◆ WORK ORDER
Pictures appear among the records below and must be omitted. Repeat exactly the lines from the line with "Durch die großen" to the line with "Goth Guys Slogan", both included.

◆ SUPPLIED MATERIAL
════

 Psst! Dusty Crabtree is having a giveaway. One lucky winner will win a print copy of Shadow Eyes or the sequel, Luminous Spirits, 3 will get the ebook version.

════

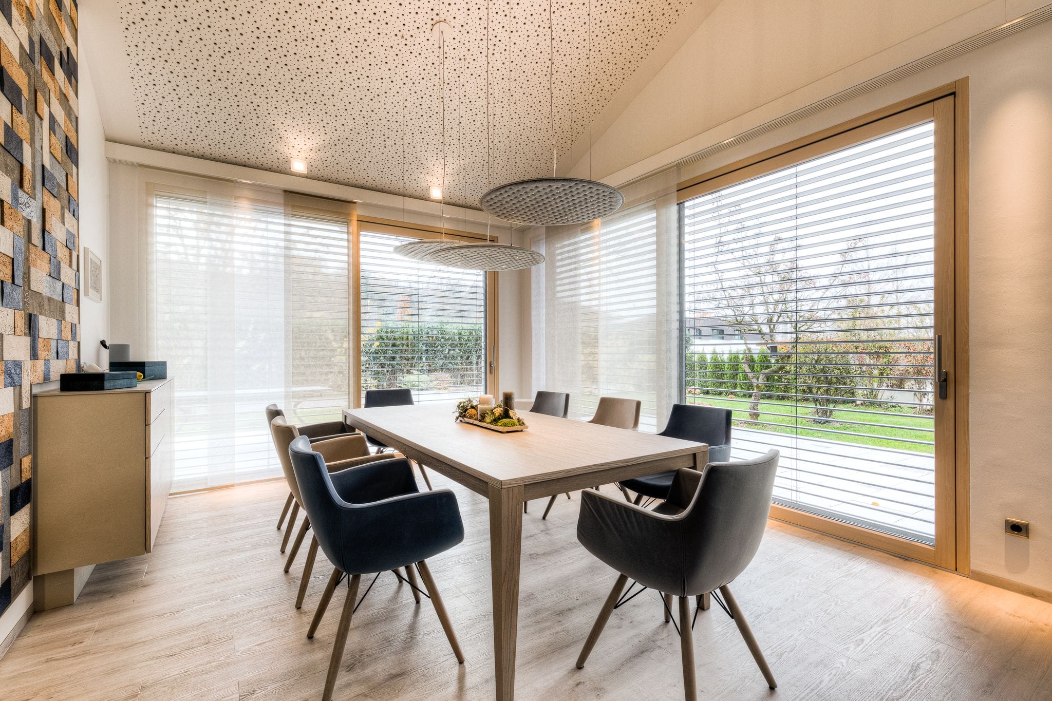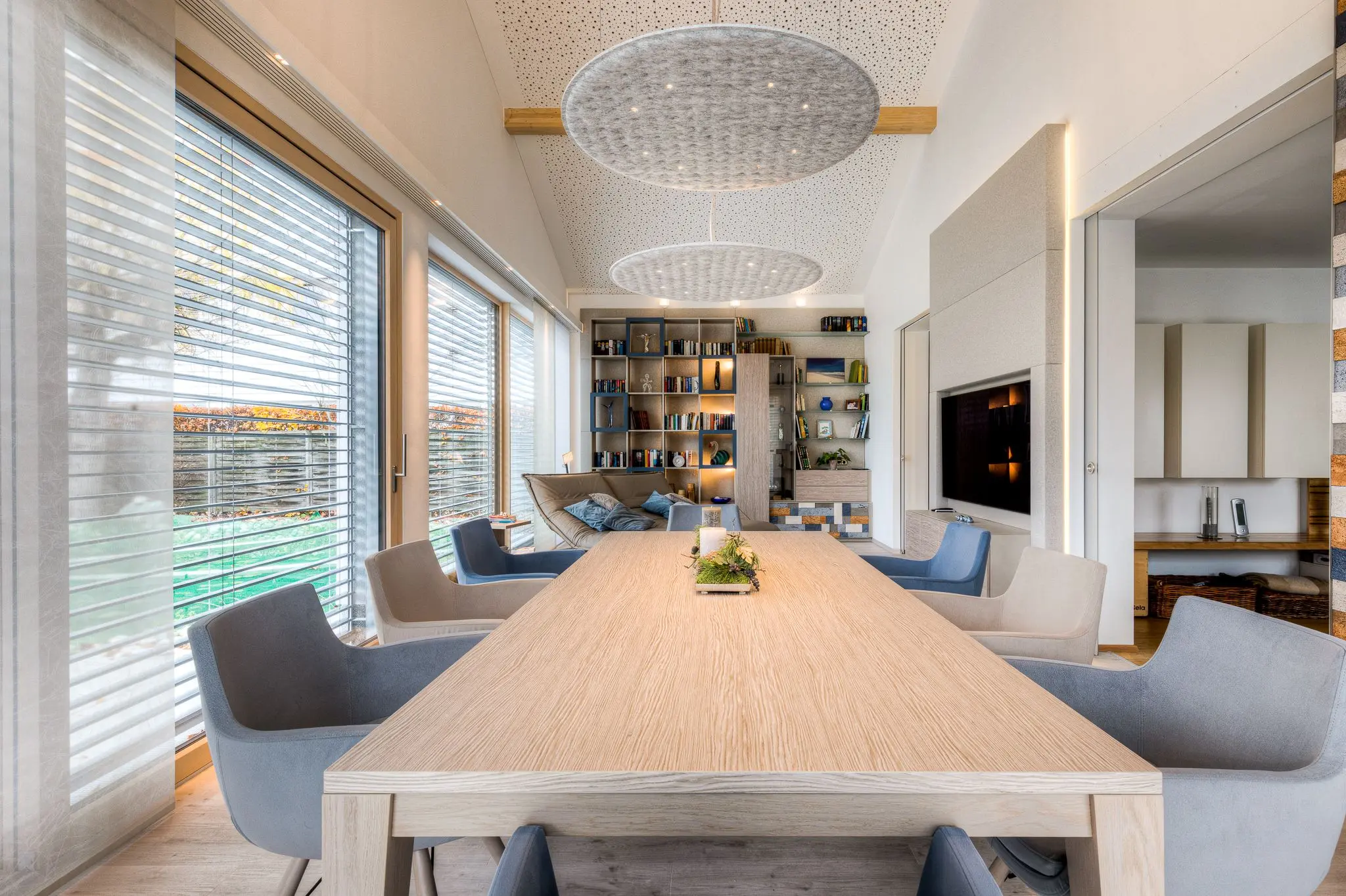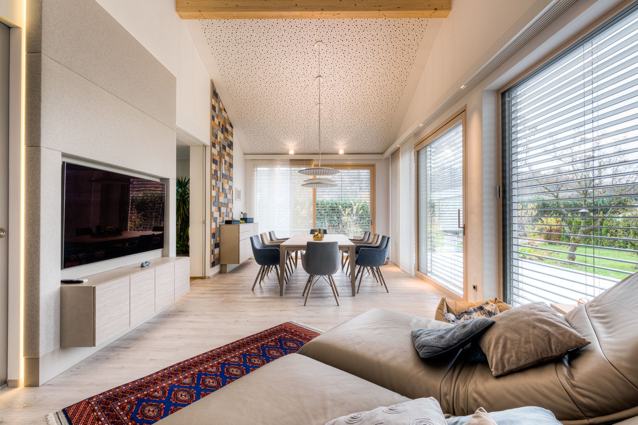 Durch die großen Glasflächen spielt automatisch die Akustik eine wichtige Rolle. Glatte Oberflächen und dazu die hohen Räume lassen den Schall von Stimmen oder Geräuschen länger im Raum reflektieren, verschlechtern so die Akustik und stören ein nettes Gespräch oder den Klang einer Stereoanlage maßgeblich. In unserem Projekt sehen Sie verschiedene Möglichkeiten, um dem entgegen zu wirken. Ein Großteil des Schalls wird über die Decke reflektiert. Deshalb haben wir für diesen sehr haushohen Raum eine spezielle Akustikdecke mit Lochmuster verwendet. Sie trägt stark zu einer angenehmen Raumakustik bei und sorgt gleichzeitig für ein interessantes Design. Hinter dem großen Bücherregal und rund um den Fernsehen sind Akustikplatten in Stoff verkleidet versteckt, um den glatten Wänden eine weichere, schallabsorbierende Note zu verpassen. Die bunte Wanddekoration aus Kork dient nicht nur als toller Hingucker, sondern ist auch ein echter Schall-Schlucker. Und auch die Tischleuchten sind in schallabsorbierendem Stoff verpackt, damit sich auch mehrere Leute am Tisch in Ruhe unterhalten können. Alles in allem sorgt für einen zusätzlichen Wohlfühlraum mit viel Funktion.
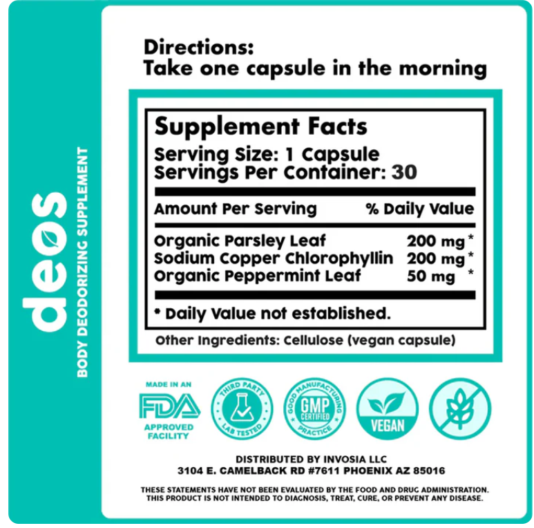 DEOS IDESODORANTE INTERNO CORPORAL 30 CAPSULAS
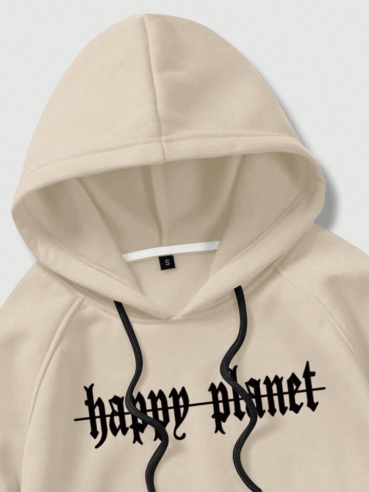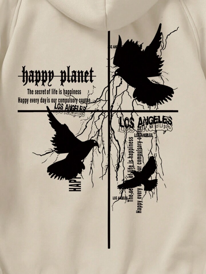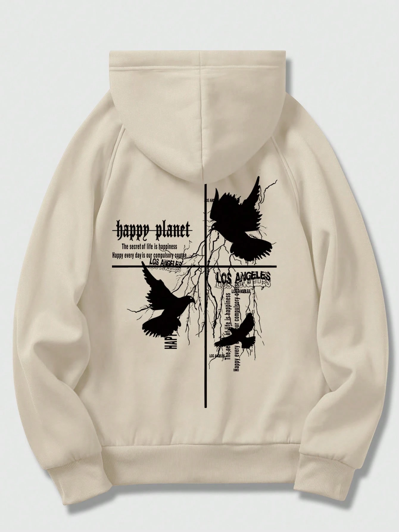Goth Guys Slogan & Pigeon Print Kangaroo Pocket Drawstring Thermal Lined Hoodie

════

◆ YOUR RESPONSE
 Durch die großen Glasflächen spielt automatisch die Akustik eine wichtige Rolle. Glatte Oberflächen und dazu die hohen Räume lassen den Schall von Stimmen oder Geräuschen länger im Raum reflektieren, verschlechtern so die Akustik und stören ein nettes Gespräch oder den Klang einer Stereoanlage maßgeblich. In unserem Projekt sehen Sie verschiedene Möglichkeiten, um dem entgegen zu wirken. Ein Großteil des Schalls wird über die Decke reflektiert. Deshalb haben wir für diesen sehr haushohen Raum eine spezielle Akustikdecke mit Lochmuster verwendet. Sie trägt stark zu einer angenehmen Raumakustik bei und sorgt gleichzeitig für ein interessantes Design. Hinter dem großen Bücherregal und rund um den Fernsehen sind Akustikplatten in Stoff verkleidet versteckt, um den glatten Wänden eine weichere, schallabsorbierende Note zu verpassen. Die bunte Wanddekoration aus Kork dient nicht nur als toller Hingucker, sondern ist auch ein echter Schall-Schlucker. Und auch die Tischleuchten sind in schallabsorbierendem Stoff verpackt, damit sich auch mehrere Leute am Tisch in Ruhe unterhalten können. Alles in allem sorgt für einen zusätzlichen Wohlfühlraum mit viel Funktion.
 DEOS IDESODORANTE INTERNO CORPORAL 30 CAPSULAS
Goth Guys Slogan & Pigeon Print Kangaroo Pocket Drawstring Thermal Lined Hoodie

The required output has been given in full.